Recorded data:

▬▬▬▬▬▬▬▬▬▬

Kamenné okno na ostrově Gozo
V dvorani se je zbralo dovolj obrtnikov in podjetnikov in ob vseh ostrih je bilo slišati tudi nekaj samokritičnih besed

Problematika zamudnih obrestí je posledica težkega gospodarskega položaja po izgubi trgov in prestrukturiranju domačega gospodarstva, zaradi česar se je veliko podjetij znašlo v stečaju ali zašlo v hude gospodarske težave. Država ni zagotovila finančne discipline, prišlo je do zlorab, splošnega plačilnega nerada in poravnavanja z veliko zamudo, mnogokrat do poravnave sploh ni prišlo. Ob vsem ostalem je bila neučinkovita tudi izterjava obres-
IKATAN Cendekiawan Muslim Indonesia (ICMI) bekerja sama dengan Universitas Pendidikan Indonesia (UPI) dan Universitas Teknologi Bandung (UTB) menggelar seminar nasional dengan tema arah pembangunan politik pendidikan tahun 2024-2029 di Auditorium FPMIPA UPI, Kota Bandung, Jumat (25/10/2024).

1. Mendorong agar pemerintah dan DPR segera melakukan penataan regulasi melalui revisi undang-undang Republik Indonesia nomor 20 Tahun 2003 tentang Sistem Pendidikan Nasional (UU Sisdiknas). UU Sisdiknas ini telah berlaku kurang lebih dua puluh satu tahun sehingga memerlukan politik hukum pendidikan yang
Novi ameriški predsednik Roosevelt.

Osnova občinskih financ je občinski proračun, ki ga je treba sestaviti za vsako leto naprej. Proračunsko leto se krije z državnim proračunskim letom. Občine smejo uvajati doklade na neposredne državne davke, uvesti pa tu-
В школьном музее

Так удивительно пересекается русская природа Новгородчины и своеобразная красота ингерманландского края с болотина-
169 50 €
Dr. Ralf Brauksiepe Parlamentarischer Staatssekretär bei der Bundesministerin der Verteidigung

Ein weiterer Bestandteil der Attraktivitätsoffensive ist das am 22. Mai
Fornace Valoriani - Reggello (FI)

▬▬▬▬▬▬▬▬▬▬

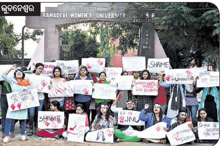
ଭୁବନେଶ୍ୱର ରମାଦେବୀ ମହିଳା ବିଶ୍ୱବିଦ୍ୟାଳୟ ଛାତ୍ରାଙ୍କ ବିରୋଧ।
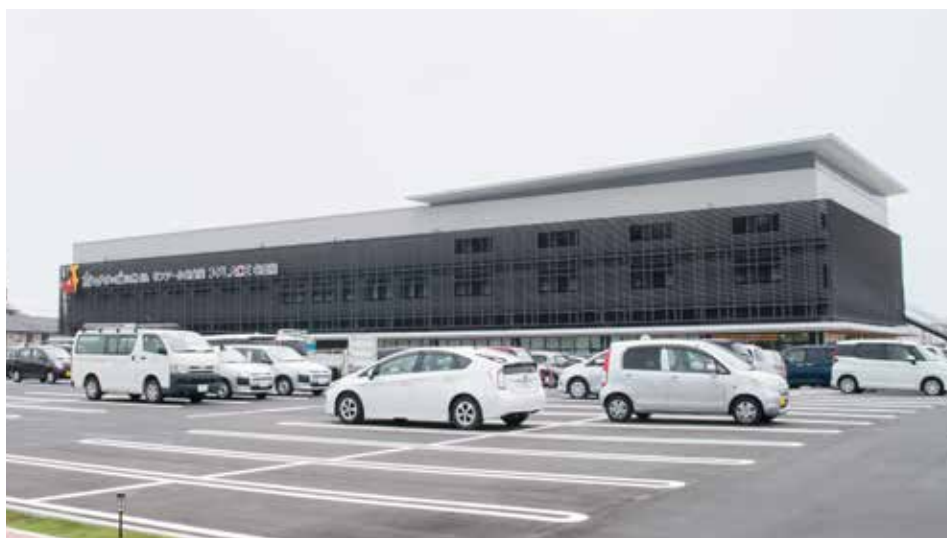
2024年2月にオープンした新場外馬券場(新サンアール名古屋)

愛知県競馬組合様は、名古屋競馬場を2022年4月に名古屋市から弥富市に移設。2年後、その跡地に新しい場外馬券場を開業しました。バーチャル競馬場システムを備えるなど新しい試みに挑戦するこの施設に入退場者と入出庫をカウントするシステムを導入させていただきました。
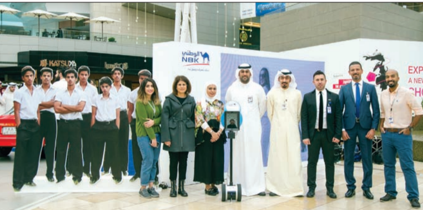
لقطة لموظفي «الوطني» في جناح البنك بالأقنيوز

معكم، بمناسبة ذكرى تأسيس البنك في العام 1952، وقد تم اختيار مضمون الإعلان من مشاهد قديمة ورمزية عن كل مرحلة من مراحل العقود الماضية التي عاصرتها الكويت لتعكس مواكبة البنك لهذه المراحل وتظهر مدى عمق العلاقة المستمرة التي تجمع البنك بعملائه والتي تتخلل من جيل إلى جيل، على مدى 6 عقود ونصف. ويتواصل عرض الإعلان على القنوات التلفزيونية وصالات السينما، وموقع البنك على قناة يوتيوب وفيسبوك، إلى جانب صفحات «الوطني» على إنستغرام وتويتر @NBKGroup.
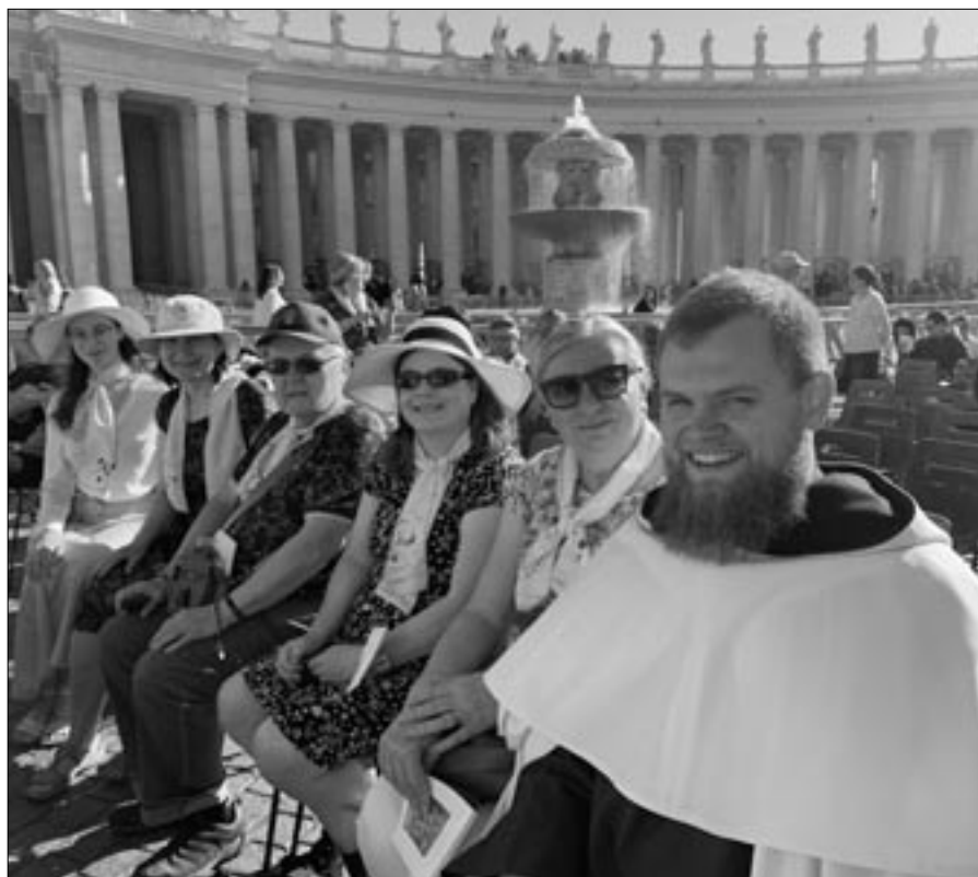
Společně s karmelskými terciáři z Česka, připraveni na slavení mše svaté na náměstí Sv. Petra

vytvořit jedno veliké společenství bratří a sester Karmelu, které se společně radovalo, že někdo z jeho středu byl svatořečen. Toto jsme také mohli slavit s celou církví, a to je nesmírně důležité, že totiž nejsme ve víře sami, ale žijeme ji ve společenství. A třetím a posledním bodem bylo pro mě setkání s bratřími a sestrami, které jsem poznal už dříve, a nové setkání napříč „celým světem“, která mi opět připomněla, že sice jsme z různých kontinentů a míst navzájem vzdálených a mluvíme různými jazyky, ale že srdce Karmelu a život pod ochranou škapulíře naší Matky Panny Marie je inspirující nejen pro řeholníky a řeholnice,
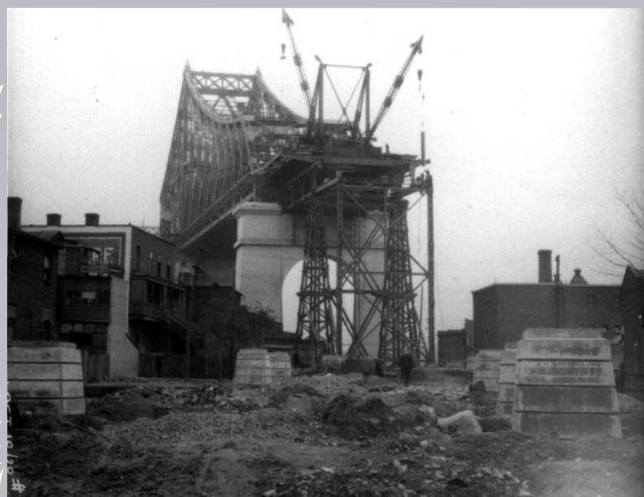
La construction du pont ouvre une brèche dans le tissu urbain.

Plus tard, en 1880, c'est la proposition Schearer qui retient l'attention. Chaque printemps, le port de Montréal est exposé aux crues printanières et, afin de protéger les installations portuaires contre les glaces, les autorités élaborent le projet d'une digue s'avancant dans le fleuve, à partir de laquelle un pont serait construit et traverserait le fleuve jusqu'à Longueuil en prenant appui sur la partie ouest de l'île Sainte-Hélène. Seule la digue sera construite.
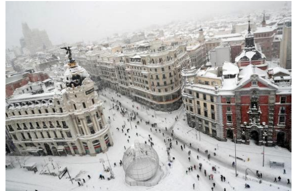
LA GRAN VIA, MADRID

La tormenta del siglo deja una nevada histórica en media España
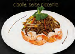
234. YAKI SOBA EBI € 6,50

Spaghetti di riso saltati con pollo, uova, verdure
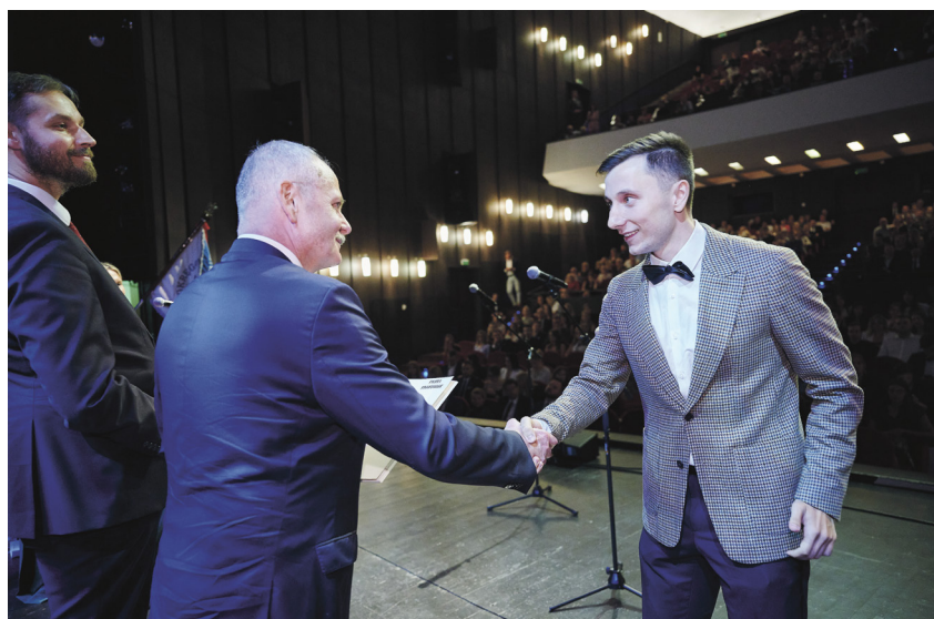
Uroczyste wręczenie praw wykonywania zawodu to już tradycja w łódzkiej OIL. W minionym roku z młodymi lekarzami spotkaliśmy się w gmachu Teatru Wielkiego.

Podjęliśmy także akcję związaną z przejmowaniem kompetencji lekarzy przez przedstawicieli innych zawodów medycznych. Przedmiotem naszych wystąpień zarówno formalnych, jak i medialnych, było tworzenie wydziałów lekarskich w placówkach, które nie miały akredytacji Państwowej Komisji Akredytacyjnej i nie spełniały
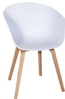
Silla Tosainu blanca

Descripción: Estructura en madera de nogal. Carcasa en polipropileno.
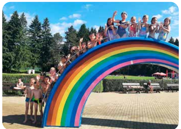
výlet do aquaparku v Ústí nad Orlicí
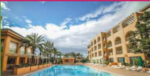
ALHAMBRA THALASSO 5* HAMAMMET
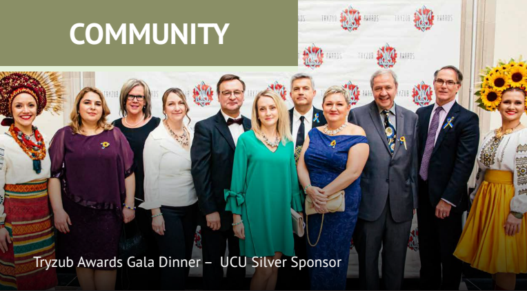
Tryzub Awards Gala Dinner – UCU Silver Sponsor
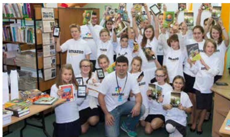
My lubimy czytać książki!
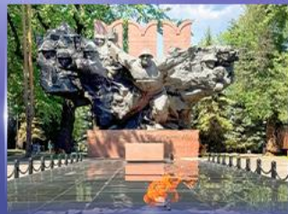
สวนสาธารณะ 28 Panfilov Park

▬▬▬▬▬▬▬▬▬▬

Between and including the line above that contains "234. YAKI SOBA EBI € 6,50" and the line that contains "สวนสาธารณะ 28 Panfilov Park", restate every line word for word. Pictures stay out.

▸ **Expected output**:
234. YAKI SOBA EBI € 6,50

Spaghetti di riso saltati con pollo, uova, verdure
Uroczyste wręczenie praw wykonywania zawodu to już tradycja w łódzkiej OIL. W minionym roku z młodymi lekarzami spotkaliśmy się w gmachu Teatru Wielkiego.

Podjęliśmy także akcję związaną z przejmowaniem kompetencji lekarzy przez przedstawicieli innych zawodów medycznych. Przedmiotem naszych wystąpień zarówno formalnych, jak i medialnych, było tworzenie wydziałów lekarskich w placówkach, które nie miały akredytacji Państwowej Komisji Akredytacyjnej i nie spełniały
Silla Tosainu blanca

Descripción: Estructura en madera de nogal. Carcasa en polipropileno.
výlet do aquaparku v Ústí nad Orlicí
ALHAMBRA THALASSO 5* HAMAMMET
Tryzub Awards Gala Dinner – UCU Silver Sponsor
My lubimy czytać książki!
สวนสาธารณะ 28 Panfilov Park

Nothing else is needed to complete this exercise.